Spirits didn’t have physical form, so locked doors or walls with steel reinforcements were barely a problem. Then what was the reason they’d simply vanished as soon as the door opened? Were they afraid of something?

Wait. That’s not my business. I am here for something else.

Evan’s gaze cut to the draped oval piece at the center of the room, its pristine white sheets void of even a speck of dust. The way all the mirrors were facing this object…it had to be some kind of a containment array to suppress whatever was behind the white sheet.

Whoever had locked that thing away in this room didn’t want it to escape.

That had to be the source of the cursed energy that was attracting the spirits into the mansion. But why was there not a single trace of malice on the object? According to Evan’s knowledge, the room should’ve been engulfed in suffocating dark energy emitted by the cursed object.

Was the containment spell so strong that not even a smidge of the energy could escape? If so, then the caster must’ve been someone powerful.

Throughout ancient times, mirrors were used in magic and exorcism, with good and bad intentions. But one thing common in both practices was its use for trapping spirits in the mirror realm, where time didn’t exist and a soul would be stuck living the same moment over and over again until released…or until the mirror was shattered and the spirit inside dissipated.

The hair at Evan’s nape spiked as a drop of cold sweat trickled down. Gingerly covering the distance, he reached for the white sheet, the light barrier glowing brighter than usual over his hand.

A slight tug on the cloth and it unfolded, revealing another oval mirror, bigger than any in the room, almost as tall as Evan.

Bigger and…stranger.

Strange because there was no reflection in it. The flashlight didn’t bounce back as Evan directed it towards the mirror. Instead, it seemed to swallow all light that fell onto the surface like a black hole.

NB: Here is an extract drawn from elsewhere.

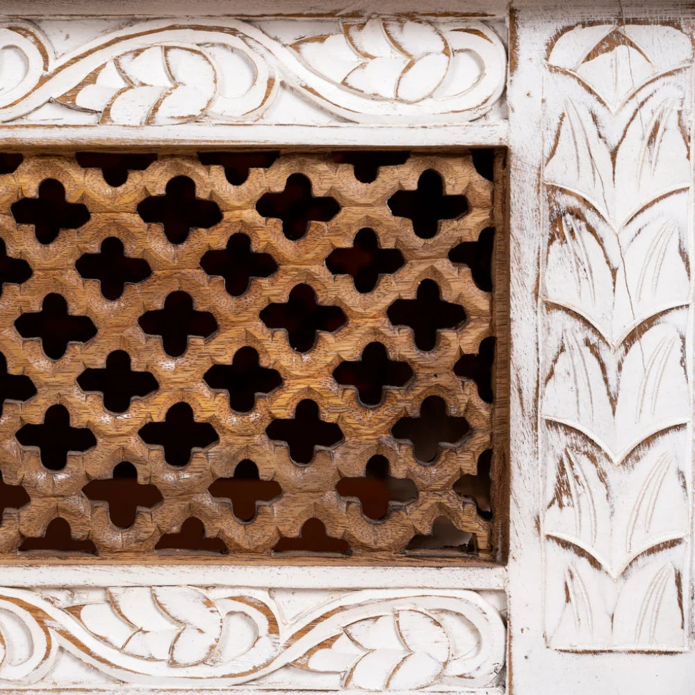 Enhance your living space with the timeless charm of this Hand Carved Mango Wood Coffee Table, beautifully crafted from solid mango wood for strength, durability, and natural beauty. Designed to be both functional and artistic, this coffee table features intricate floral carvings along the frame, showcasing the craftsmanship of skilled artisans and adding a rich decorative touch to your living room.

Evan tilted his head, examining the mirror from a hand’s distance. Its surface was spotless, frame golden with miniature intricate designs. Thick golden chains coiled around the frame, not a trace of rust to be found.

It was indeed a bit strange, but other than lacking the basic function of what a mirror was supposed to do—show a reflection—there was nothing unusual. At least nothing Evan could immediately sense.

Could it be that the old weird Mr. Greene had been a collector of antique mirrors? Or maybe Evan was reading too much into something that wasn’t there?